WHAT NEEDS TO BE DONE:
An exact transcription is needed of the lines below from the one with "- Масло для" through the one with "고소한 여름 별미 |", with no other lines and no pictures.

SOURCE MATERIAL:
#####

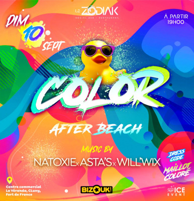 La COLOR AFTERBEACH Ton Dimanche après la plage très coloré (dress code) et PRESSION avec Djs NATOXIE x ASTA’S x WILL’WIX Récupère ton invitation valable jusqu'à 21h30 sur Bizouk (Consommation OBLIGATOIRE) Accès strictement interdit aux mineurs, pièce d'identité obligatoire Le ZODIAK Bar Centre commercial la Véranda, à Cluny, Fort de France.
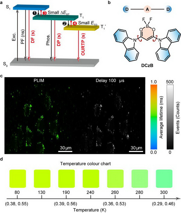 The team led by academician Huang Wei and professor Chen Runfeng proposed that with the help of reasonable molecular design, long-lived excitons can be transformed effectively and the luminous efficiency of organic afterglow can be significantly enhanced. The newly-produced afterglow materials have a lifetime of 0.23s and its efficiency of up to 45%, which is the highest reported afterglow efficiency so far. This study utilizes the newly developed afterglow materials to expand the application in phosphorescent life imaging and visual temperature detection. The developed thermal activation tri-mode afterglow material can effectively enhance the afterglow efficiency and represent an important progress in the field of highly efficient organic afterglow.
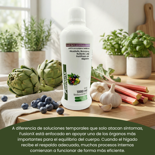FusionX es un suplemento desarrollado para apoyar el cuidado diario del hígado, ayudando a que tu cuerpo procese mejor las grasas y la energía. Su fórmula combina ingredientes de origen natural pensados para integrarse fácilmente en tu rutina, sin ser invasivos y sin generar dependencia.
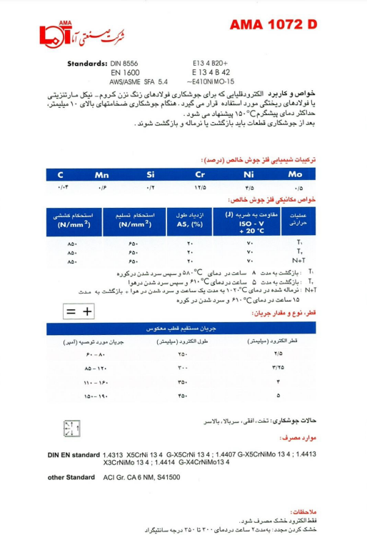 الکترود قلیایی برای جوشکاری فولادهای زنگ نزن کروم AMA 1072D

#####

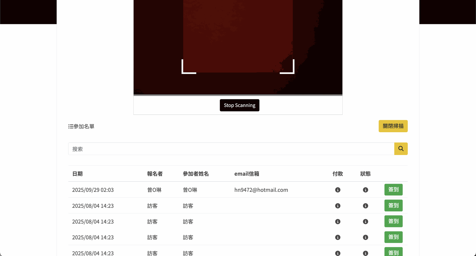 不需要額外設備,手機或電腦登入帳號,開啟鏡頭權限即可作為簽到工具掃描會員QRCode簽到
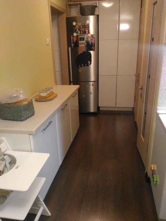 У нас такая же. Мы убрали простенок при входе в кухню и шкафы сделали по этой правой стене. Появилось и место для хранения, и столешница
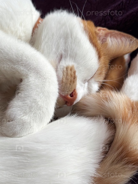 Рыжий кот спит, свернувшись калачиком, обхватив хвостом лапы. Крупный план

#####

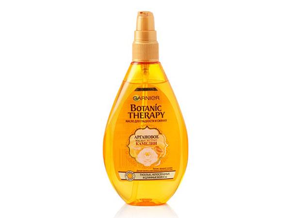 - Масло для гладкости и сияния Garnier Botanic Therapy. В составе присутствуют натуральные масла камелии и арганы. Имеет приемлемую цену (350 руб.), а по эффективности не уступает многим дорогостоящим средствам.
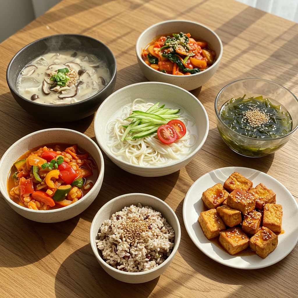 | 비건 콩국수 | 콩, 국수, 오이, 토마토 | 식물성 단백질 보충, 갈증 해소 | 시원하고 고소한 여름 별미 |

#####

SOLUTION:
 - Масло для гладкости и сияния Garnier Botanic Therapy. В составе присутствуют натуральные масла камелии и арганы. Имеет приемлемую цену (350 руб.), а по эффективности не уступает многим дорогостоящим средствам.
 | 비건 콩국수 | 콩, 국수, 오이, 토마토 | 식물성 단백질 보충, 갈증 해소 | 시원하고 고소한 여름 별미 |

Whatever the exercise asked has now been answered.